Let R and S be rings. Let L be a projective R right module ($L_R$) and M be a R-S bimodule ($_RM_S$) such that M is projective as a S right module. I'm trying to prove that $$(L \otimes M)_S$$ is projective.

I've look the equivalent statements for a projective module but in all of them I can't see how $M_S$ being projective help me.

Do you have some ideas?

Thank you anyway.

Answer 1

Let's put the definition at the top for comparison:

Definition: Let $R$ be a ring. A right $R$-module $P$ is projective if, for each surjection $\pi : A \rightarrow B$ of right $R$-modules, and each map $f : P \rightarrow B$, there is a map $g : P \rightarrow A$ such that $\pi \circ g = f$.

Also, in problems like this, it is important to know the hom-tensor adjunction for bimodules, so I'll put that here too:

Theorem: Let $R$ and $S$. Let $M$ be a left $R$-module and a right $S$-module. Let $N$ be a left $R$-module and a right $S$-module. Let $L$ be a right $S$-module. Then there is an isomorphism of abelian groups $$ \text{Hom}_S ( M \otimes_R N, L) \cong \text{Hom}_R ( M, \text{Hom}_S (N, L))$$ Which, fixing $N$, is natural in $M$ and $L$.

In your setup, we have a projective right $R$-module $L$ and and an $R$-$S$ bimodule $M$ which is projective as a right $S$-module. Put $P = L \otimes_R M$, which is a right $S$-module. Let $\pi : A \rightarrow B$ be a surjection of right $S$-modules, and let $f : P \rightarrow B$ be an $S$-linear map.
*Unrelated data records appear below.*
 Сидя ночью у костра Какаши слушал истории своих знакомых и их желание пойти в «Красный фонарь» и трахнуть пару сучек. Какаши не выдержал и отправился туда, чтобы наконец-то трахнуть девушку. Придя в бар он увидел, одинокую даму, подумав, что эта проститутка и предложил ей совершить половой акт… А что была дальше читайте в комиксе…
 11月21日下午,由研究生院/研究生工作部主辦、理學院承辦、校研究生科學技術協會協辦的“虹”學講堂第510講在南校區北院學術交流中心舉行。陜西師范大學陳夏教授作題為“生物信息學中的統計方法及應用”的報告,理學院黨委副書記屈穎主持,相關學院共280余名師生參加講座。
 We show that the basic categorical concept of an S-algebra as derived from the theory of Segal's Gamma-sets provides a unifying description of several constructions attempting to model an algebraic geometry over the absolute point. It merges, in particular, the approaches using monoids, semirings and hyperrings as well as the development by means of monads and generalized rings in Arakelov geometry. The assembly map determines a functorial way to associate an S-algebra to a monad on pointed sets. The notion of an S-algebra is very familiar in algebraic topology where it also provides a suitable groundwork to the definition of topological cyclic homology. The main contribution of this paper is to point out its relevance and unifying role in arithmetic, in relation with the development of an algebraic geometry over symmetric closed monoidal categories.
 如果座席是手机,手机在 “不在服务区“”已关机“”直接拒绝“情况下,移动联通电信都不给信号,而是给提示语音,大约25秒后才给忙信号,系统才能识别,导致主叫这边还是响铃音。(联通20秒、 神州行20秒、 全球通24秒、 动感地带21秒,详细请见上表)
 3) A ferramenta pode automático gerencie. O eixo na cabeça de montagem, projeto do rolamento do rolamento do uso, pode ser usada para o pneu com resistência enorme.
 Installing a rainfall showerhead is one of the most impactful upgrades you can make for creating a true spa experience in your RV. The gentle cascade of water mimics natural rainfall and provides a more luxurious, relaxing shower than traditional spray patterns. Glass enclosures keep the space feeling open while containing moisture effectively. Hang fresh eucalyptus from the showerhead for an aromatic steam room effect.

Since $M$ is projective, the map $\rho : \text{Hom}_S (M, A) \rightarrow \text{Hom}_S (M, B)$ is surjective. By the Hom-Tensor adjunction, $f$ induces a map of right $R$-modules $L \rightarrow \text{Hom}_{S} (M, B)$. This map lifts along the surjection $\rho$ to a map $L \rightarrow \text{Hom}_S (M, A)$. By the hom-tensor adjunction, this induces a map of right $S$-modules $g : L \otimes_R M \rightarrow A$. I will leave it to you to check that $g$ is a lift for $f$, so that the definition above is satisfied.